Records provided =
++++++++++
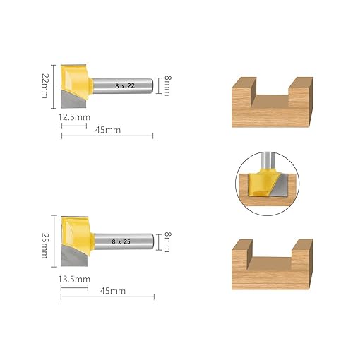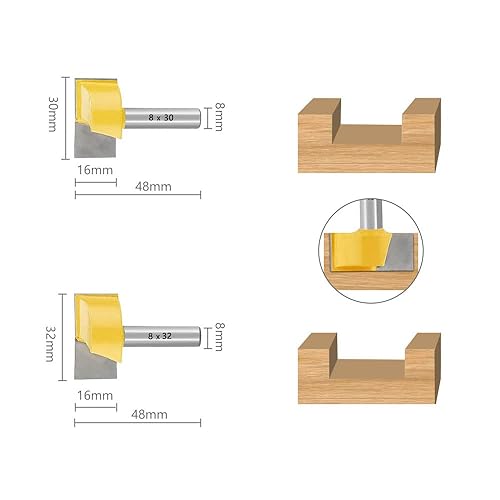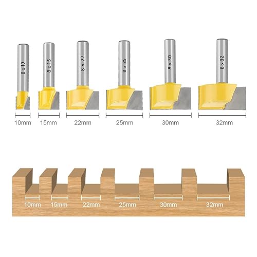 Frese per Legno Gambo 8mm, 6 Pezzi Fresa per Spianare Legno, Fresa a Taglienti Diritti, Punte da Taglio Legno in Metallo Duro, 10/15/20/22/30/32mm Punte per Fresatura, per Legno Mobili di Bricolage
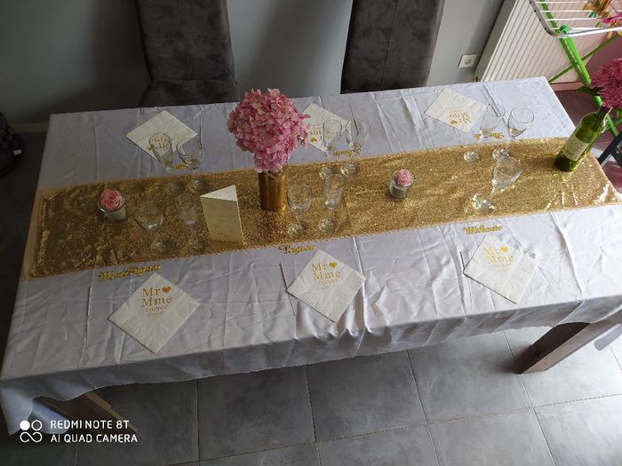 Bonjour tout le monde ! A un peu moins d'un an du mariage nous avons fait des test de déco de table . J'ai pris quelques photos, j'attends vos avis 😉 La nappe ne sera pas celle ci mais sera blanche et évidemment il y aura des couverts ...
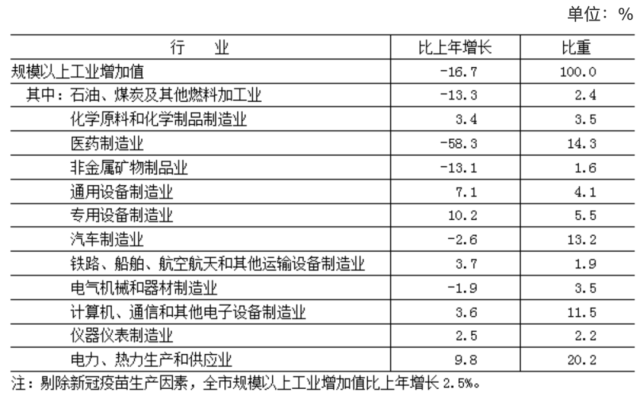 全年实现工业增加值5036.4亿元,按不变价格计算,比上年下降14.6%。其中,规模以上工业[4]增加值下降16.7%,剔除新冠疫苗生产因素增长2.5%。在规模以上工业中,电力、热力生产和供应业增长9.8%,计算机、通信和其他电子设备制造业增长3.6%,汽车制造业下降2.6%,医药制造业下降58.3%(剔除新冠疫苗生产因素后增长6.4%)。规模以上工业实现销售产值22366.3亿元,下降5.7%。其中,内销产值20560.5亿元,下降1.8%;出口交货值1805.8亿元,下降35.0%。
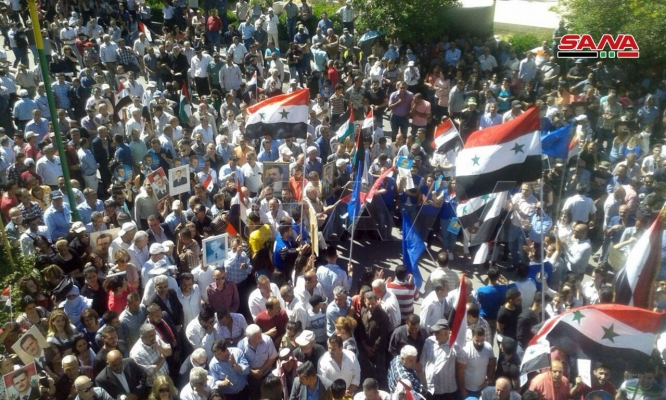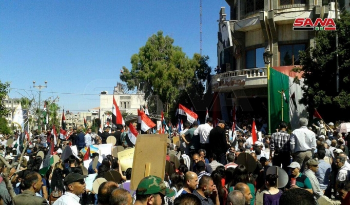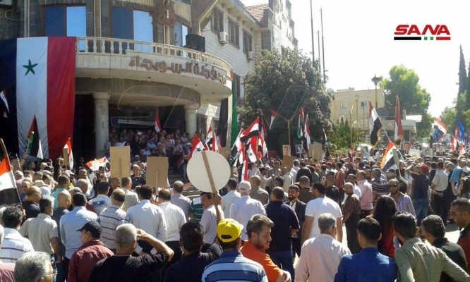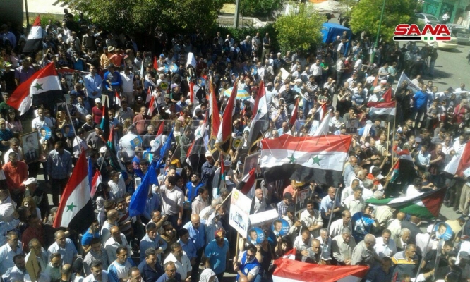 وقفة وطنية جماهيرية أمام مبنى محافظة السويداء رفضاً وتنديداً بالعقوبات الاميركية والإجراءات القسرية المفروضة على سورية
++++++++++
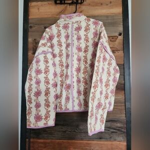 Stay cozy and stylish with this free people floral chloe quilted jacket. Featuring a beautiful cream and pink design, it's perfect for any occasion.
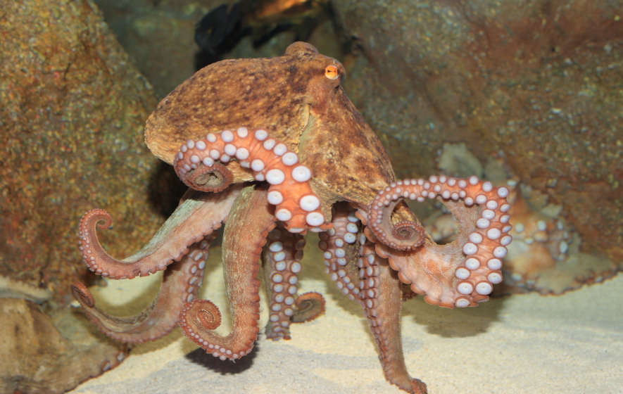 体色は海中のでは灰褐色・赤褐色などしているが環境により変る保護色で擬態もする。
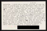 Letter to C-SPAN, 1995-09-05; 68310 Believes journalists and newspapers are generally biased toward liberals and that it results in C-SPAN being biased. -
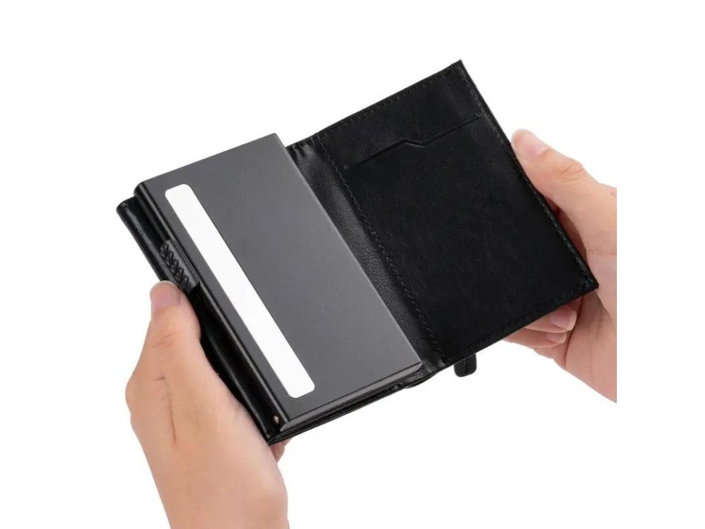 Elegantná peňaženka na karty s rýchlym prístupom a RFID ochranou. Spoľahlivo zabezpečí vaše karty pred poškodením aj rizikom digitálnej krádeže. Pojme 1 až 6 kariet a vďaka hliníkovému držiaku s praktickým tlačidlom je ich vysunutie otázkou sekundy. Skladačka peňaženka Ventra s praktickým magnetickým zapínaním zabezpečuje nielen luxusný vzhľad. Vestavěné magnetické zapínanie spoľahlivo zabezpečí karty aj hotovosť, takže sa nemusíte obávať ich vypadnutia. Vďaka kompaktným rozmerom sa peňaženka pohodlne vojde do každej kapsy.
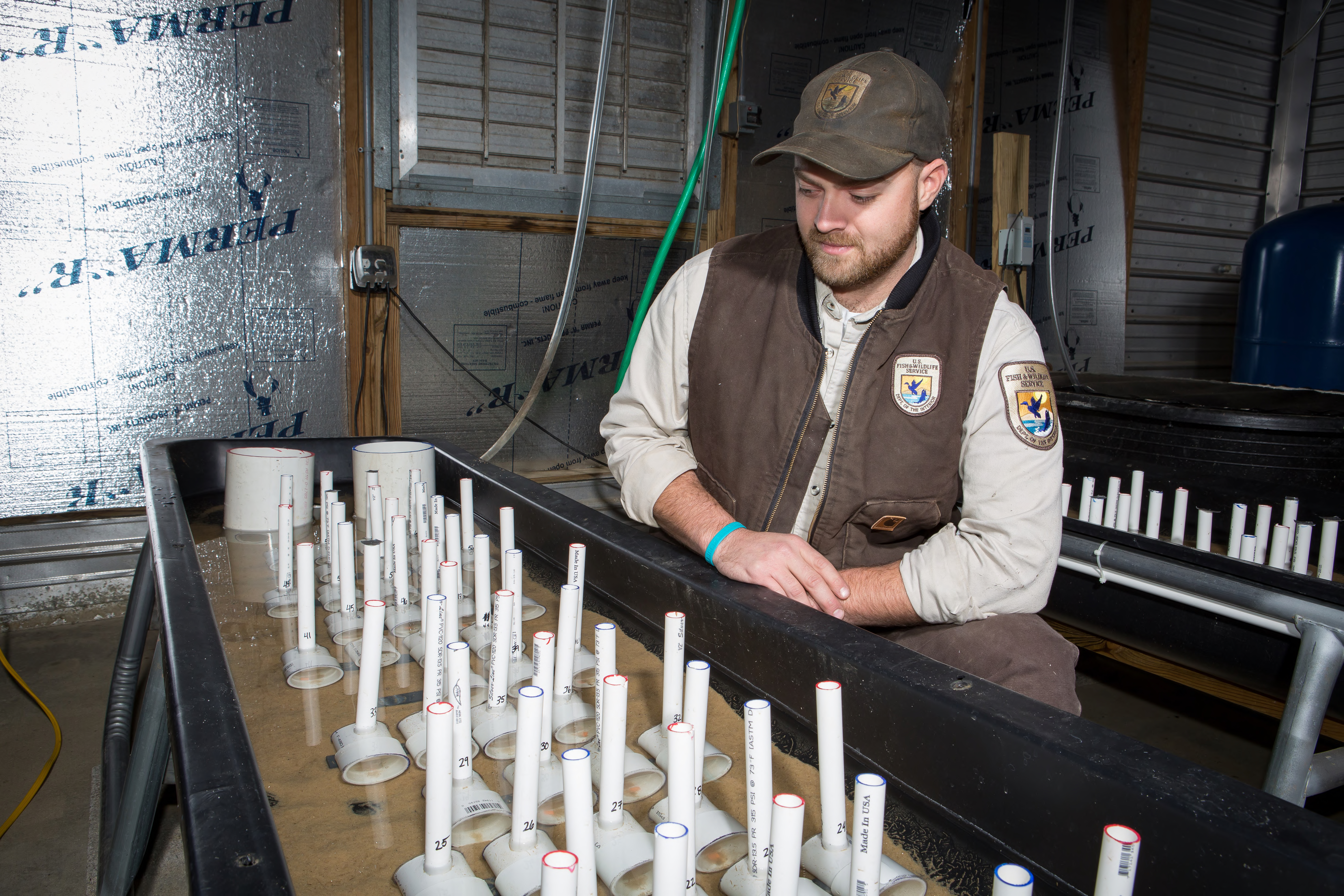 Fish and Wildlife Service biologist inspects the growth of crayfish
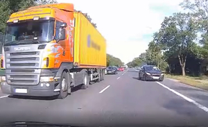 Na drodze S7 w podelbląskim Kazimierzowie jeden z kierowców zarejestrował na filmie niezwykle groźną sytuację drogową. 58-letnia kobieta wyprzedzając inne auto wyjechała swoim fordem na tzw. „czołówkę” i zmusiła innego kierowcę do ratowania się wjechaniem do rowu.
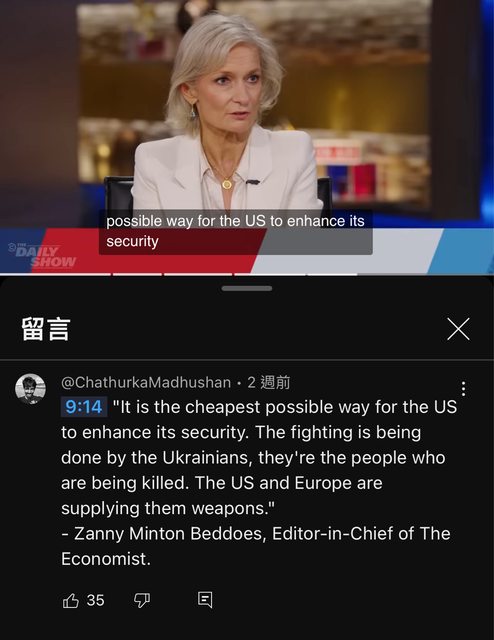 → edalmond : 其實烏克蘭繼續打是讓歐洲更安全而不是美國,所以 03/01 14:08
++++++++++
The copy should hold only the lines from the one with "Frese per Legno" through the one with "全年实现工业增加值5036.", exactly as they stand above. Leave out the pictures.

The answer =
 Frese per Legno Gambo 8mm, 6 Pezzi Fresa per Spianare Legno, Fresa a Taglienti Diritti, Punte da Taglio Legno in Metallo Duro, 10/15/20/22/30/32mm Punte per Fresatura, per Legno Mobili di Bricolage
 Bonjour tout le monde ! A un peu moins d'un an du mariage nous avons fait des test de déco de table . J'ai pris quelques photos, j'attends vos avis 😉 La nappe ne sera pas celle ci mais sera blanche et évidemment il y aura des couverts ...
 全年实现工业增加值5036.4亿元,按不变价格计算,比上年下降14.6%。其中,规模以上工业[4]增加值下降16.7%,剔除新冠疫苗生产因素增长2.5%。在规模以上工业中,电力、热力生产和供应业增长9.8%,计算机、通信和其他电子设备制造业增长3.6%,汽车制造业下降2.6%,医药制造业下降58.3%(剔除新冠疫苗生产因素后增长6.4%)。规模以上工业实现销售产值22366.3亿元,下降5.7%。其中,内销产值20560.5亿元,下降1.8%;出口交货值1805.8亿元,下降35.0%。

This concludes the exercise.